The company is currently in a fundraising exercise and is in talks with investors, he said. It is also looking to conduct an initial public offering in two years’ time, he added.

There’s so much opportunity in the world, so many countries needing good, fast broadband. We just don’t have the funding to be able to get into that. We have enough for four countries, we just want to go into more. That’s where the IPO and the current round of funding comes in,” Chan said.

He declined to say how much the company aimed to raise from the fundraising exercises. The venue for the planned IPO has yet to be decided, he said.

Chan admitted that raising funds for MyRepublic has not been easy, as its model can be difficult to grasp.

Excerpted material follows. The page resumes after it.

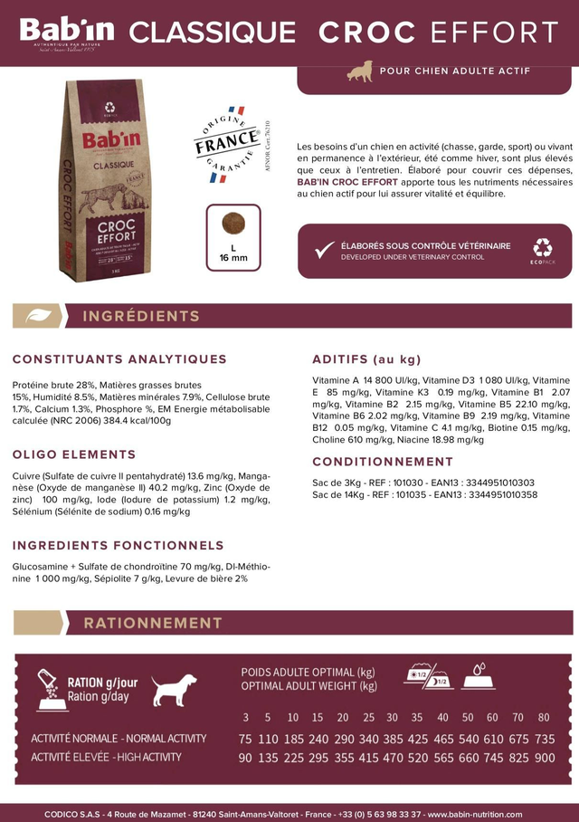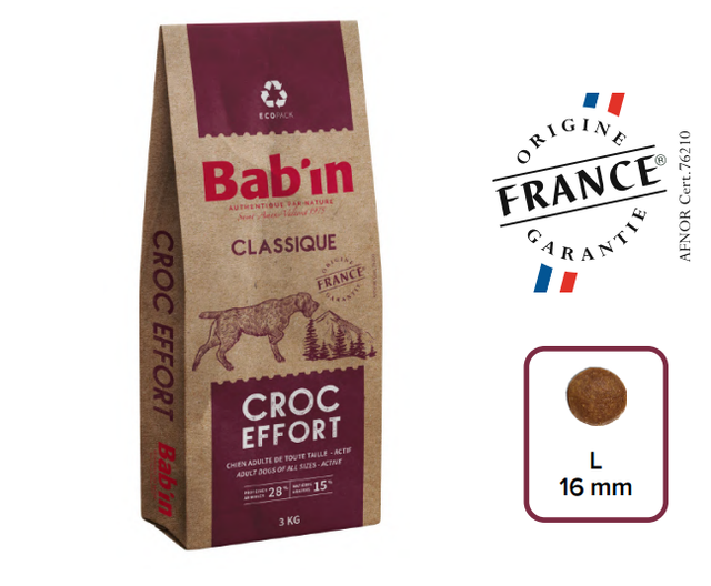Les besoins d’un chien en activité (chasse, garde, sport) ou vivant en permanence à l’extérieur, été comme hiver, sont plus élevés que ceux à l’entretien. Élaboré pour couvrir ces dépenses, BAB’IN CROC EFFORT apporte tous les nutriments nécessaires au chien actif pour lui assurer vitalité et équilibre

lot of people don’t understand our business. If you talk to the guy on the street, he doesn’t understand the telco business, when you talk to a telco guy, he doesn’t understand that the business could be done so cheaply because he is so used to spending so much more in capital investments. They don’t believe it can be done cheaply and effectively,” he says.

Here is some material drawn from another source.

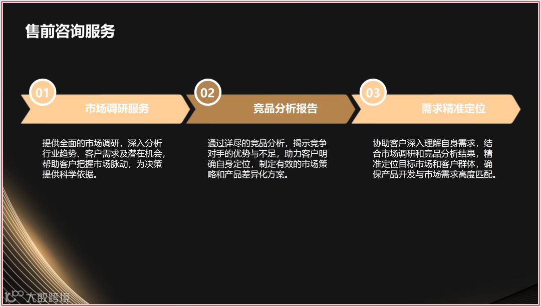 - 售前咨询:免费提供市场调研、竞品分析报告,协助客户精准定位需求。

That leads to problems on fundraising. Because our idea is not easily understandable, but is great for the country, we had to convince people on an individual basis,” he adds.

Chan said that this was what pushed the company to be innovative. “When you don’t have the big cheque book behind you, you’re forced to make money. You can’t afford to go too far and try to do too many things. You do things that make money from day one,” he said, claiming that the company is EBITDA-positive, so it posted profits before the deduction of income tax, depreciation and amortisation.

Unlike mainstream telecommunications companies, MyRepublic is not capital intensive because it does not take it upon itself to build the fibre-optic infrastructure it uses to deliver content, Chan explained.

The company also uses in-house software that is easy to migrate and deploy in new markets, allowing it to provide internet service in a new country in as little as two months, he added.

We wanted to specialise on managing the content coming in and making sure that you get it very fast.”

MyRepublic has no plans of dominating the markets it is in – it only targets a five per cent share of the market of each country it operates in, Chan said.

We can survive in any place with five per cent of the market because we’re so lean. We sell the same products, we have little manpower, our marketing is the same. We only have two or three products that we sell. We keep it very simple,” he said.

MyRepublic reportedly entered a bid to be Singapore’s fourth telecommunications company last year, after frontrunners SingTel, Starhub and M1, but lost the spectrum auction to TPG Telecom Ltd.

In May, it was reported that the internet provider was seeking a private-equity partner to bid for M1, after the publicly listed telco’s shareholders appointed Morgan Stanley to conduct a strategic review of their stakes in the company.